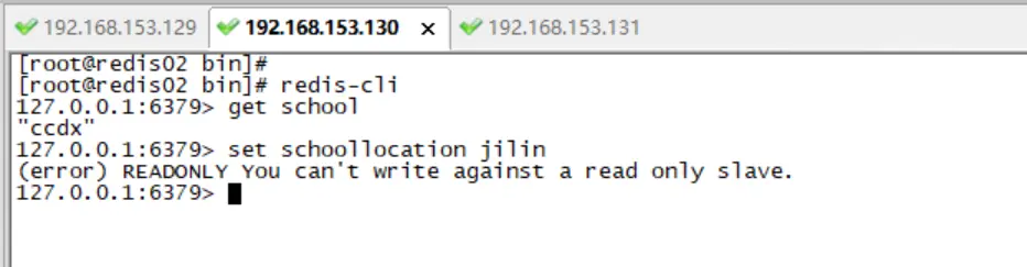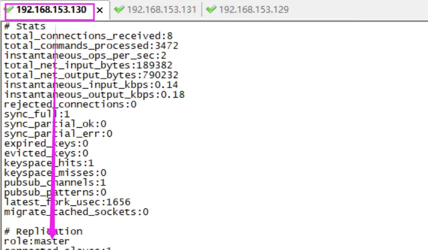 首先我确定了192.168.153.129是我的主redis节点,192.168.153.130和192.168.153.131分别是从redis节点
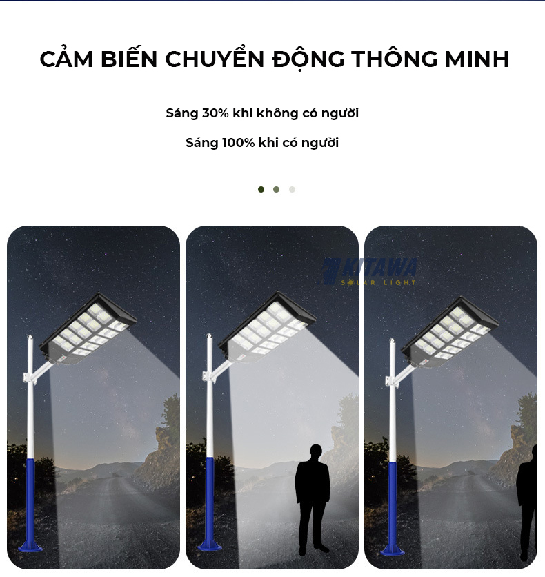 - Đèn liền thể năng lượng mặt trời trang bị cảm biến chuyển động thông minh, sẽ bật sáng 100% khi nhận biết sự chuyển động.
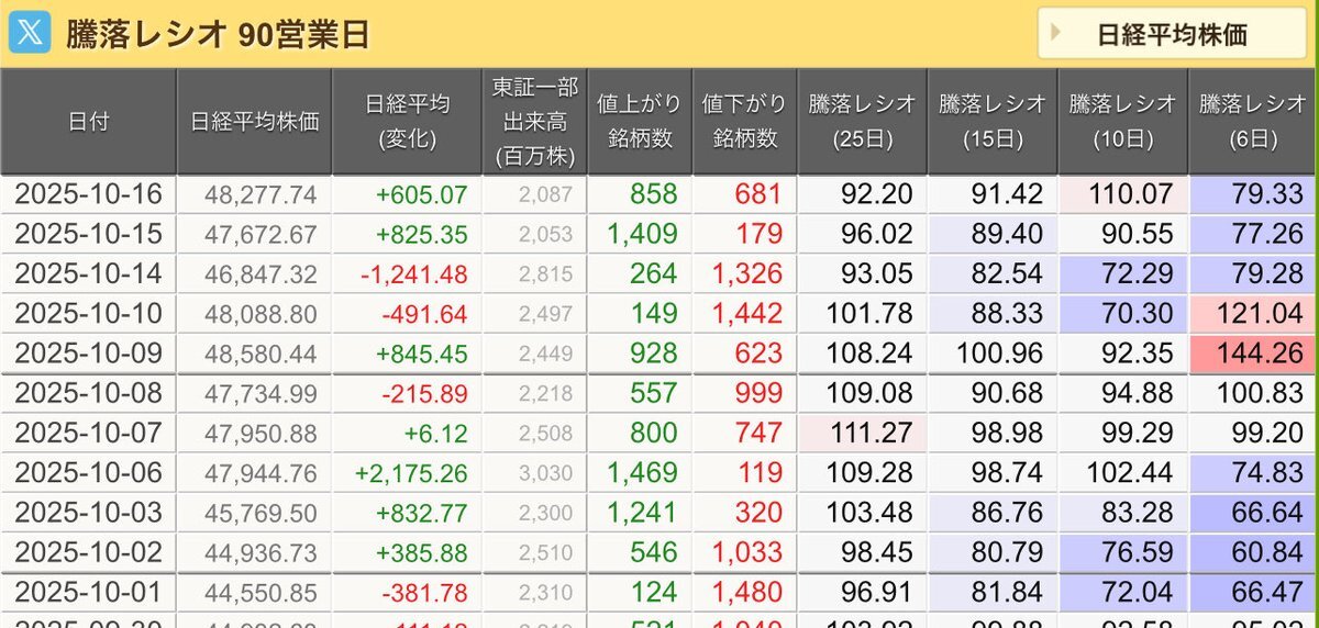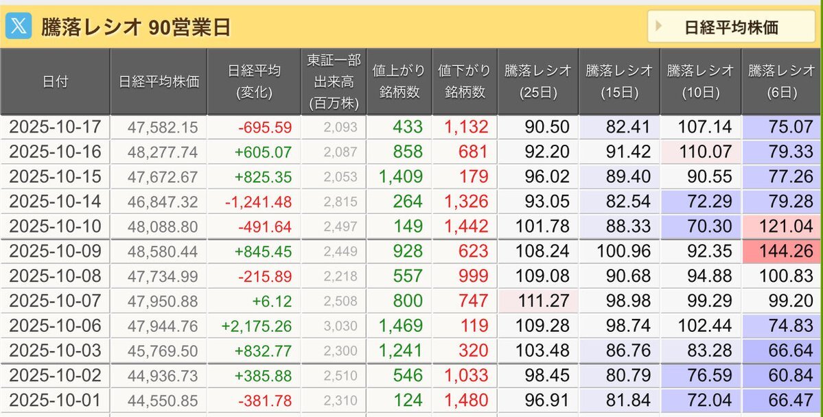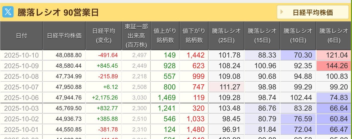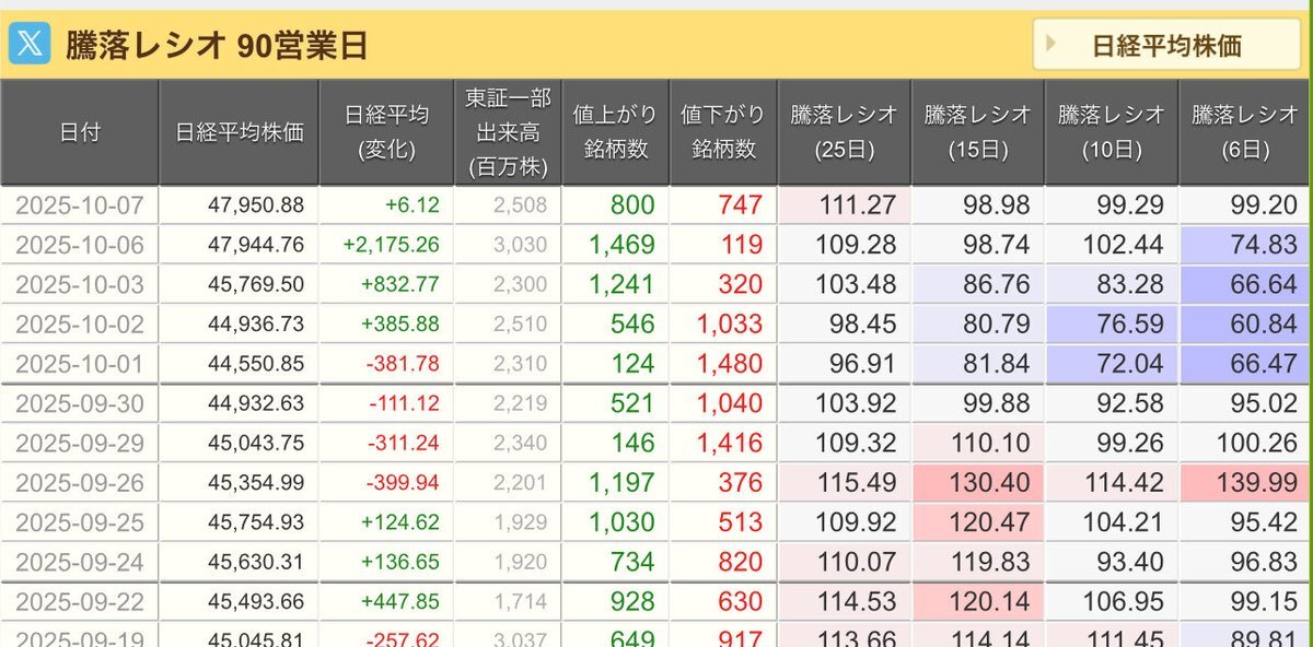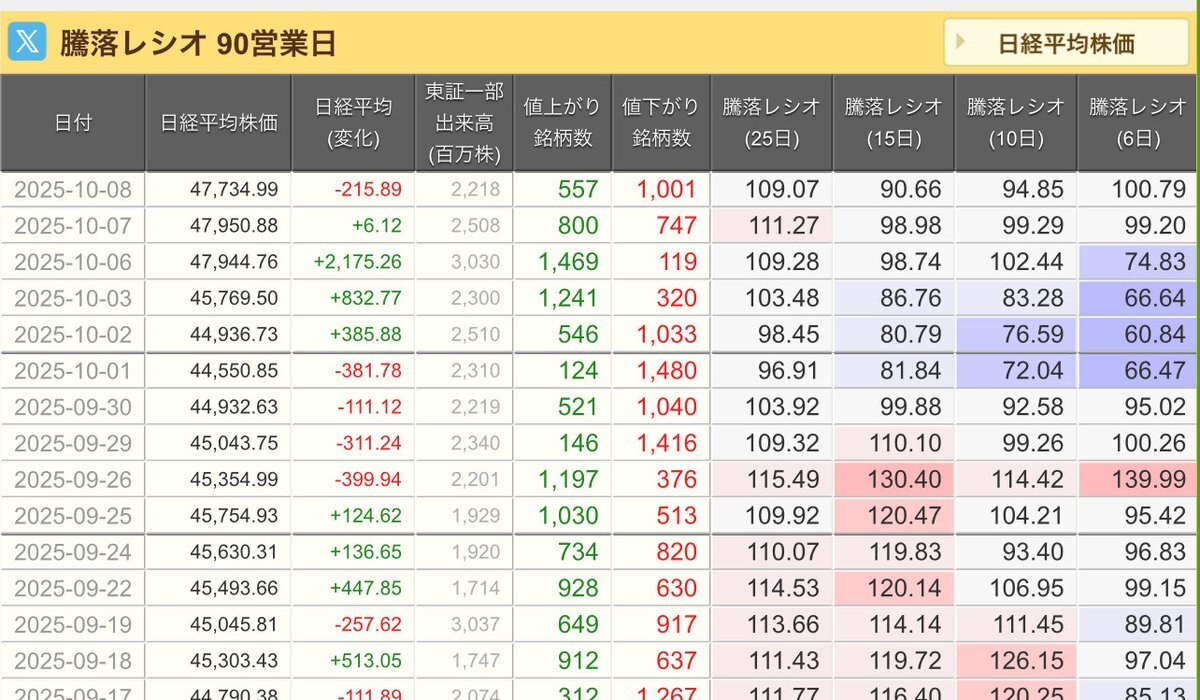 10/10(金)引け乙です🍄 🇯🇵NK 48,088.80🔹-491.64 TOPIX 3,197.59🔹-60.18 グロース 746.37🔹-12.87 🔶売買代金 🔼値上がり数% P🔸6,338,251百万円🔼9% S🔸 181,909百万円🔼19% G🔸 189,698百万円🔼21% 騰落レシオ101.78⬜️⬜️🟩🟧 #日本株 #株トレード #株式市場 pic.x.com/1BiIaVOaXt

## [Description of the task]
With the pictures removed, copy the data above word for word.

## [Finished task]
 首先我确定了192.168.153.129是我的主redis节点,192.168.153.130和192.168.153.131分别是从redis节点
 - Đèn liền thể năng lượng mặt trời trang bị cảm biến chuyển động thông minh, sẽ bật sáng 100% khi nhận biết sự chuyển động.
 10/10(金)引け乙です🍄 🇯🇵NK 48,088.80🔹-491.64 TOPIX 3,197.59🔹-60.18 グロース 746.37🔹-12.87 🔶売買代金 🔼値上がり数% P🔸6,338,251百万円🔼9% S🔸 181,909百万円🔼19% G🔸 189,698百万円🔼21% 騰落レシオ101.78⬜️⬜️🟩🟧 #日本株 #株トレード #株式市場 pic.x.com/1BiIaVOaXt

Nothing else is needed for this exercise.